TASK REQUIREMENTS: Quote only the lines that start at the line with "- Mål : L 40cm" and run to the end of the entries; omit the pictures.

*** DATA PROVIDED Section Begins ***

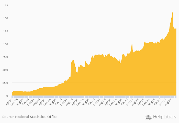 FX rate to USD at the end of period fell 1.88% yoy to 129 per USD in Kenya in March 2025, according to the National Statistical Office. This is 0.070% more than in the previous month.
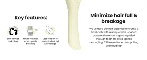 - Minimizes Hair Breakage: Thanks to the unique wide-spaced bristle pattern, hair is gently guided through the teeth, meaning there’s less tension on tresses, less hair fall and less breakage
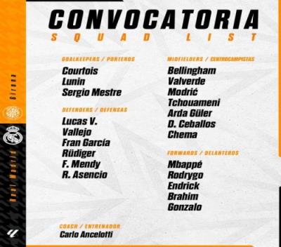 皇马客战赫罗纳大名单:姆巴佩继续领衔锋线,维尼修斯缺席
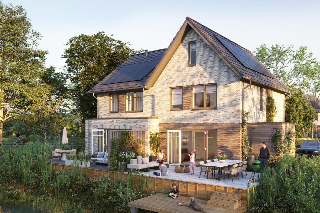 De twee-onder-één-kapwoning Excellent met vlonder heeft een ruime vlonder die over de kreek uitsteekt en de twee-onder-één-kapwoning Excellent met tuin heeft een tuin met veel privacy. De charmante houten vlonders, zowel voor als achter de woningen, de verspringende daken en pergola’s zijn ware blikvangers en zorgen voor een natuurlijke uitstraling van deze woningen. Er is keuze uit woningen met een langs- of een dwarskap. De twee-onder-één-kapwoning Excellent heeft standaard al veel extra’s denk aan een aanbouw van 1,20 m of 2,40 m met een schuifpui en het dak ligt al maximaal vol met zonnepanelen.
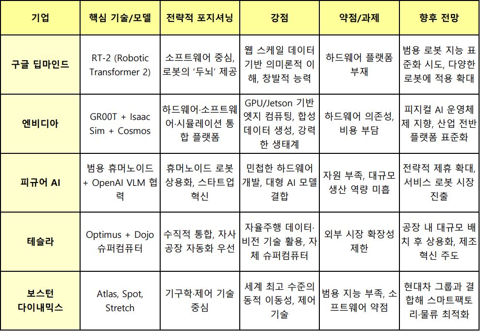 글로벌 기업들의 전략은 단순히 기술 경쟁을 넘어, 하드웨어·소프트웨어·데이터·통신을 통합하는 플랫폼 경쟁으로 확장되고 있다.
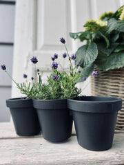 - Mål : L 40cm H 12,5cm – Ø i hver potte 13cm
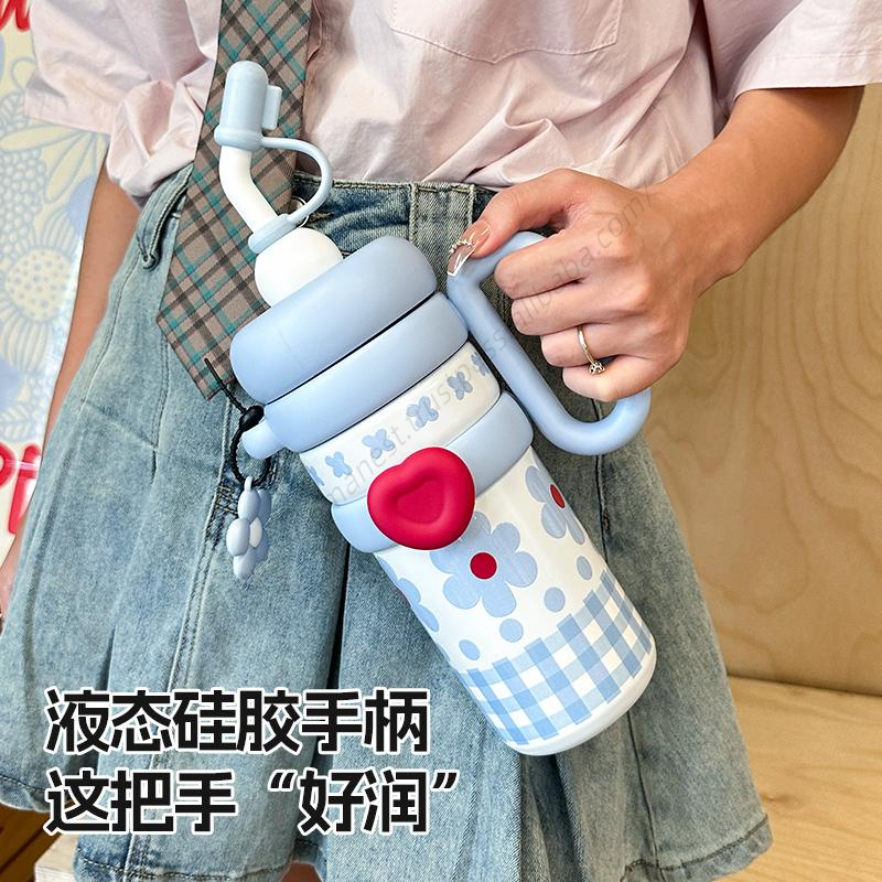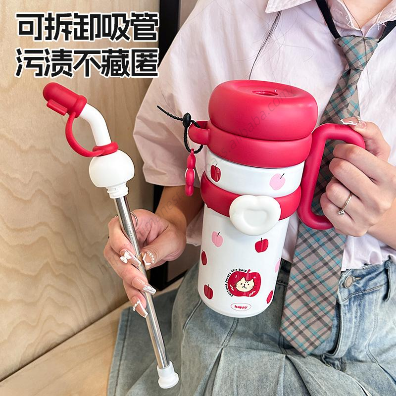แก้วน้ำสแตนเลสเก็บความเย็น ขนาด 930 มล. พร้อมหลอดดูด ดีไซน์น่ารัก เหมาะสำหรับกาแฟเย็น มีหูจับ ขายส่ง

*** DATA PROVIDED Section Ends ***

EXPECTED OUTPUT:
 - Mål : L 40cm H 12,5cm – Ø i hver potte 13cm
แก้วน้ำสแตนเลสเก็บความเย็น ขนาด 930 มล. พร้อมหลอดดูด ดีไซน์น่ารัก เหมาะสำหรับกาแฟเย็น มีหูจับ ขายส่ง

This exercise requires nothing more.